- Task goal
In the records below, the relevant part opens with the line containing "73849543 St_Ingbert Orts" and closes with the line containing "iBELL Dual Size"; print that part exactly and only, without its pictures.

- Data provided
★ ★ ★ ★
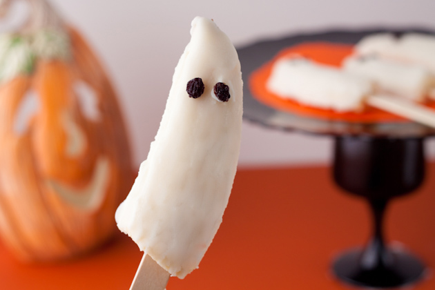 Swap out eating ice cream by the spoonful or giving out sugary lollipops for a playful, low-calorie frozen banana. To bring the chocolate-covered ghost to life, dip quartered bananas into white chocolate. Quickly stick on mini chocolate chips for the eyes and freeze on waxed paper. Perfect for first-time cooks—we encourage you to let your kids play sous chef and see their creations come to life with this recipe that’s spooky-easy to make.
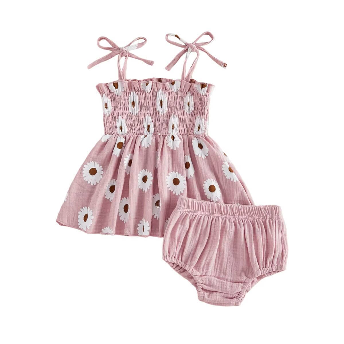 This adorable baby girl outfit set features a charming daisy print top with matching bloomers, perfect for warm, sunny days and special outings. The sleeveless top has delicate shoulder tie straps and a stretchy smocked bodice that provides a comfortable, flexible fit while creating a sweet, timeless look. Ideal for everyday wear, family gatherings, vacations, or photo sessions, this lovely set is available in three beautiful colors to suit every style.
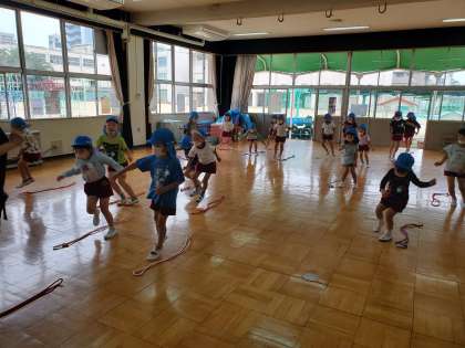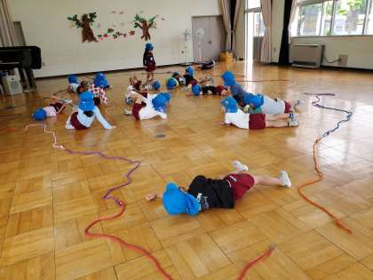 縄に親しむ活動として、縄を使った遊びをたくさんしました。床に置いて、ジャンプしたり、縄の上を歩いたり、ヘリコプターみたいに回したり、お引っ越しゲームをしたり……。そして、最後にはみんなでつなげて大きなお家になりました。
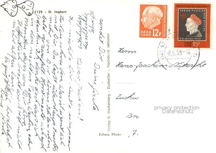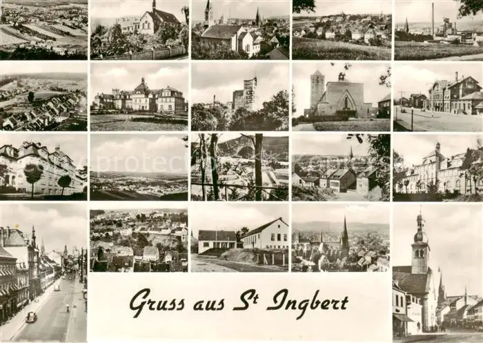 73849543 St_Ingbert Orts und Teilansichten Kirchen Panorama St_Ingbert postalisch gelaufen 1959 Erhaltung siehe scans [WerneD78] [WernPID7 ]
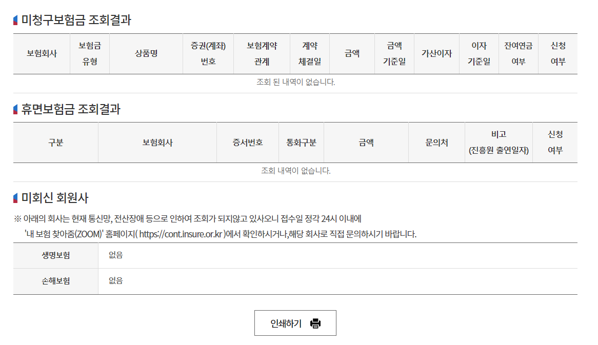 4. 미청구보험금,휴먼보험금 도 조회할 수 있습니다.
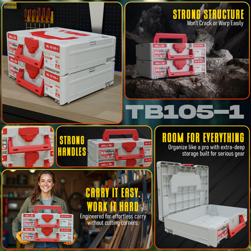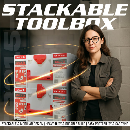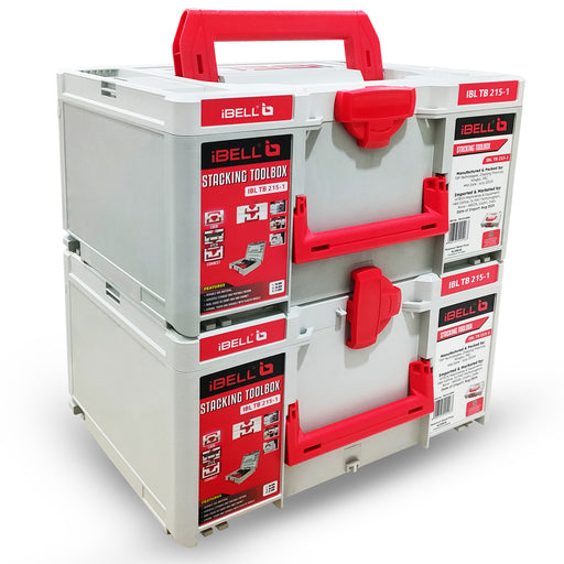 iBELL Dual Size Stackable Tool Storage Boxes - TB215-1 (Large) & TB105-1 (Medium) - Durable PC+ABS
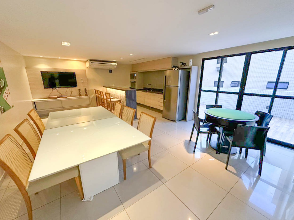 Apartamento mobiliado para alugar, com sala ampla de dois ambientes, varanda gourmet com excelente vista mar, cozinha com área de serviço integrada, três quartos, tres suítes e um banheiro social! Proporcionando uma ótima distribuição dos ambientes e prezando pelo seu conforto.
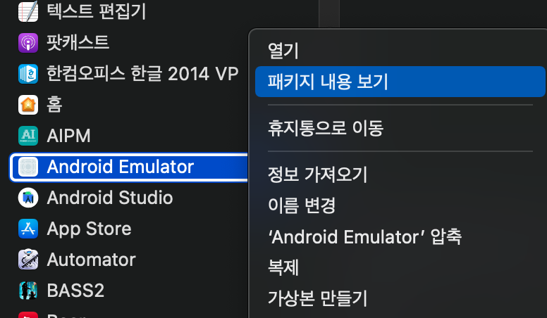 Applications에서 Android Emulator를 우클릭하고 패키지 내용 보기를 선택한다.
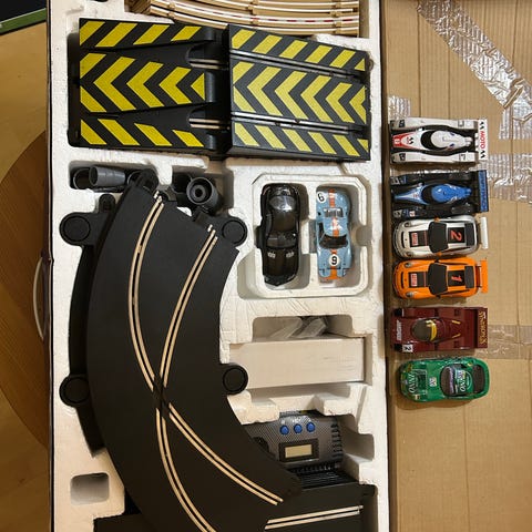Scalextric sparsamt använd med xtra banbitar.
★ ★ ★ ★
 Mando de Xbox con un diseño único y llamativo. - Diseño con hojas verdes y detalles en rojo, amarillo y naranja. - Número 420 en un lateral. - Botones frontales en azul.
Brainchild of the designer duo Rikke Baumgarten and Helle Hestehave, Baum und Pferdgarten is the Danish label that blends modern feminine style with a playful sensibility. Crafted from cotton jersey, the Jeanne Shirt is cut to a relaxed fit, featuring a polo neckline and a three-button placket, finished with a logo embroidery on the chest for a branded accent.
★ ★ ★ ★
- Response to the exercise
 73849543 St_Ingbert Orts und Teilansichten Kirchen Panorama St_Ingbert postalisch gelaufen 1959 Erhaltung siehe scans [WerneD78] [WernPID7 ]
 4. 미청구보험금,휴먼보험금 도 조회할 수 있습니다.
 iBELL Dual Size Stackable Tool Storage Boxes - TB215-1 (Large) & TB105-1 (Medium) - Durable PC+ABS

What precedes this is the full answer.